Еще я вспоминал, как заезжали в тайгу после Нового года. Все охотились по одной реке и до первого участка ехали на снегоходах вместе, грелись по дороге в избушках водкой и жаром раскаленных печек, снова мчались в белой пыли и рокоте двигателей дальше с мыса на мыс по убитому ветрами снегу, кроша его в мелкую голубую плитку. А потом остановились и, пока курили и разговаривали, я, отойдя, с любовью и гордостью глядел на стремительные очертания капотов, на галдящую гурьбу товарищей, на напарника, по-хозяйски остукивающего бурановский бок ногой в самошитом заиндевелом бродне, напоминающем налимью голову. «Все тогда было за нас: и погода, и дорога, и выпитая водка… — думал я. — А теперь, когда прихворал, когда не могу подняться с нар в ста верстах от Енисея, когда вокруг невозможно прекрасная тайга, а над ней небо, и в нем кого-то уносит к дому еле слышный большой самолет, — что же я все жалею, все завидую самому себе тогдашнему, здоровому и беззаботному? Разве уже не чувствую — вот-вот одолею себя, взлечу над своей хворью, охвачу душой чужую радость, ведь знаю, мчится жизнь дальше, и, когда умру, будет так же нестись кто-то в снежной пыли по мохнатому от инея льду забереги, пробуя стынущим пальцем рычажок газа — нельзя ли еще быстрее…

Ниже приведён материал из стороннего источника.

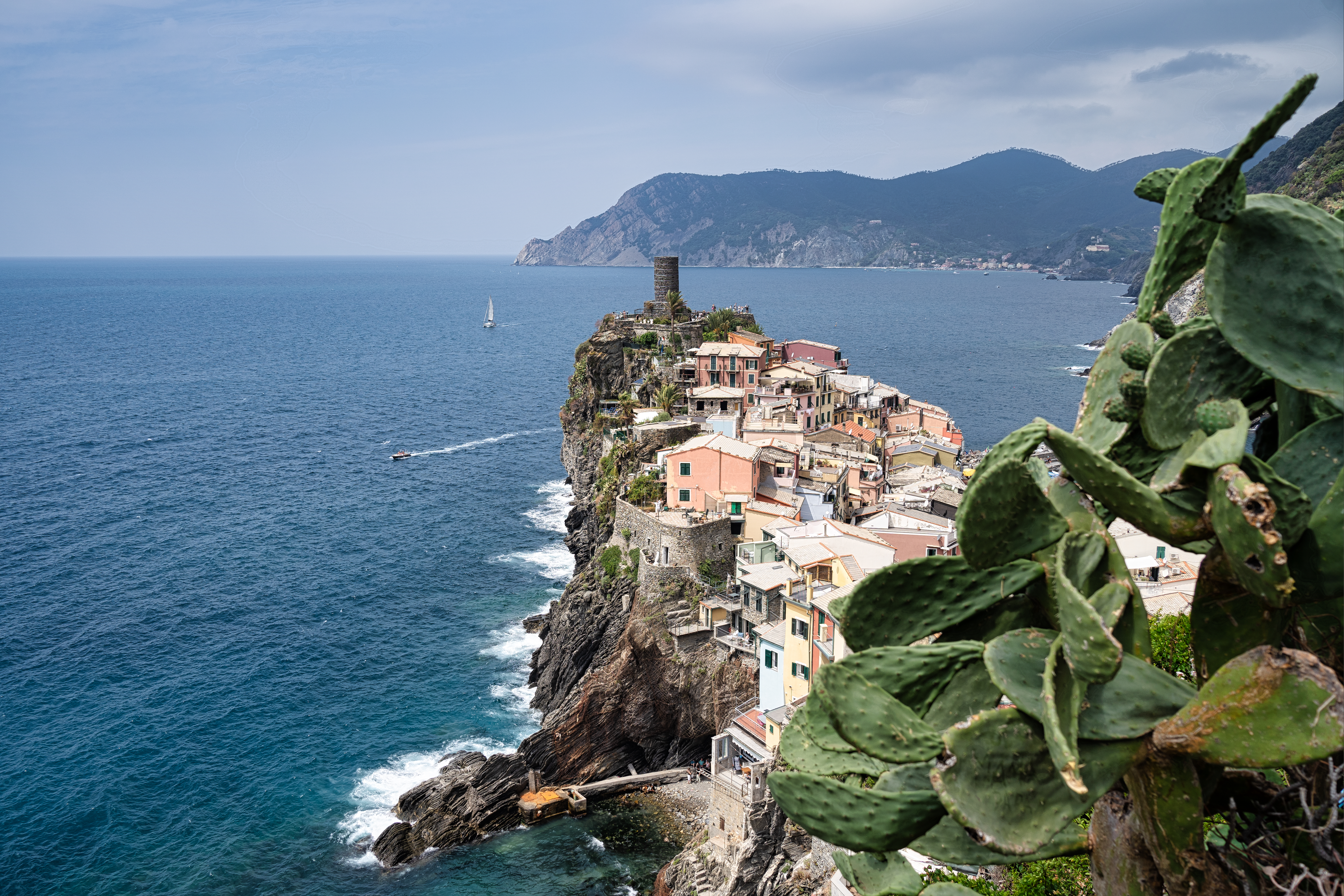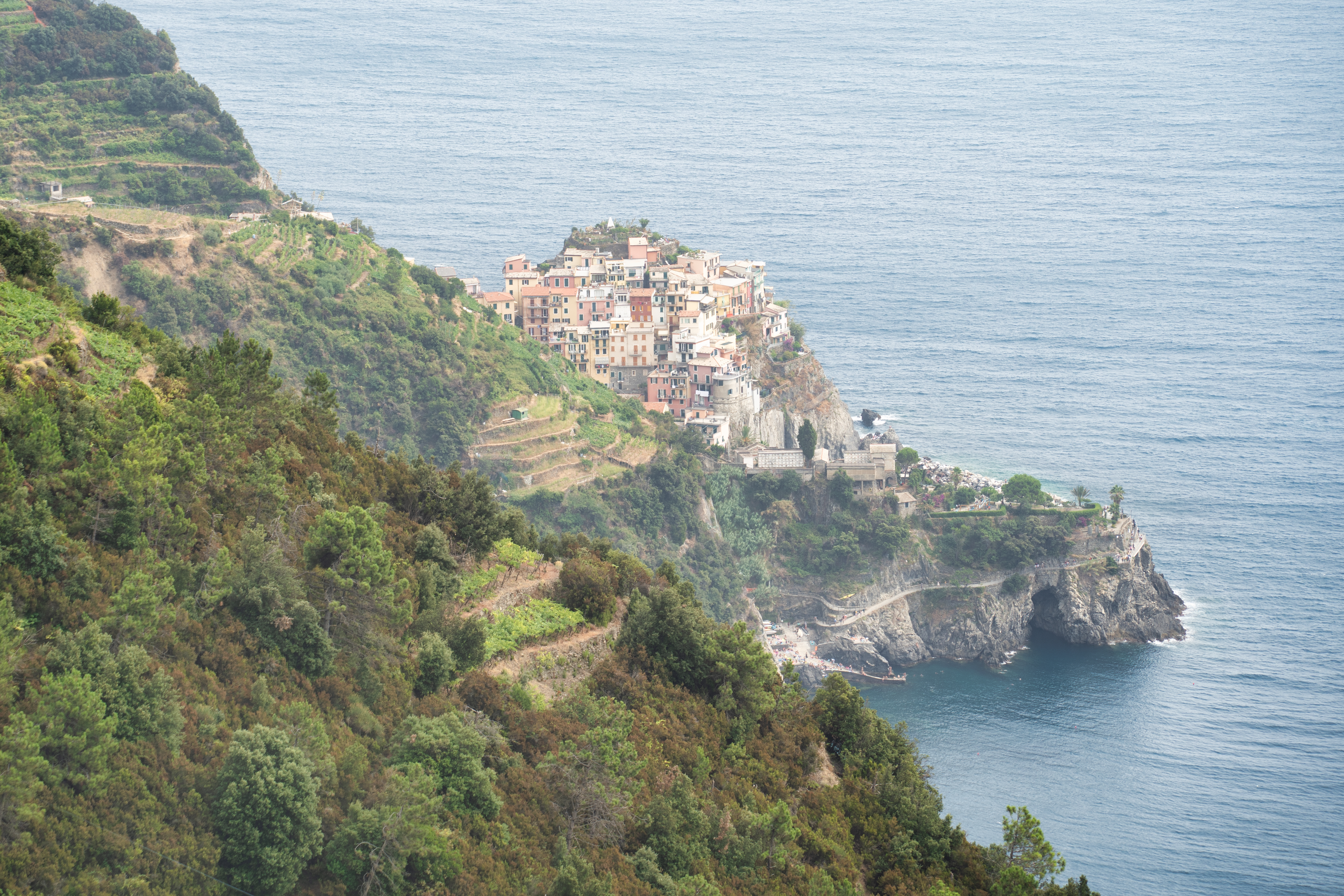 Cinque Terre is a national park in Liguria, a region in the northwest of Italy situated just south of Genova. It is not only a national park but home to five distinct villages, also called “Cinque Terre” – the five villages – by locals and foreigners alike. These places are called Vernazza, Riomaggiore, Monterosso, Corniglia, and Manarola. So what’s so special about them? For a long period of time, they were only reachable from the sea by boat. Nowadays, there is a train line connecting all of them, and the time to go from one to the other is usually just a couple of minutes. Imagine a subway line, but instead of connecting different neighborhoods of one city, you can be in different towns along a beautiful coast in mere minutes. Another possibility to travel between these places is to hike. That’s one of the primary reasons why people like to come to Cinque Terre; they hike from one place to the other and take the train back later on. It’s so incredibly easy!

Когда отлегло после таблетки, я вышел из избушки. Медленно и спокойно плыли по серебряной реке первые плитки шуги, шуршащим хрусталем выползая на камни, белели чуть припорошенные берега, над ними тонкой штриховкой ветвей серела тайга, и надо всем этим нежным металлом в вышине меж облаков светился неожиданной и пронзительной синью кусок неба с рассыпающимся следом самолета.

В особенно тяжкий вечер я, снова и снова перелистывая молитвослов, вдруг в конце нашел то, что искал, и то, что почему-то не мог найти в течение предыдущих двух недель. Это была молитва святому великомученику и целителю Пантелеймону.

«О великий угодниче Христов, страстотерпче и врачу многомилостивый Пантелеймоне! Умилосердися надо мною, грешным рабом, услыши стенание и вопль мой, умилостиви небеснаго, верховнаго Врача душ и телес наших, Христа Бога нашего, да дарует ми исцеление от недуга, мя гнетущего. Приими недостойное моление грешнейшаго паче всех человек. Посети мя благодатным посещением. Не возгнушайся греховных язв моих, помажи их елеем милости твоея и исцели меня…»

Страница кончалась, нужно было перелистнуть страницу, чтобы продолжить молитву, но это уже не имело значения — прочитанное и пережитое так ясно и глубоко действовало, что я, потрясенный… На фоне того физического страдания это был какой-то отчаянный порыв души, в нем слились и раскаяние за все, что натворил в жизни, и истовая надежда на спасение своей жизни, причем сбывающаяся, потому что я весь покрылся потом и почувствовал, как действительно полегчало, начало отпускать, и казалось — действительно эта искреннейшая молитва была такой силы, что услышал ее Бог и послал облегчение.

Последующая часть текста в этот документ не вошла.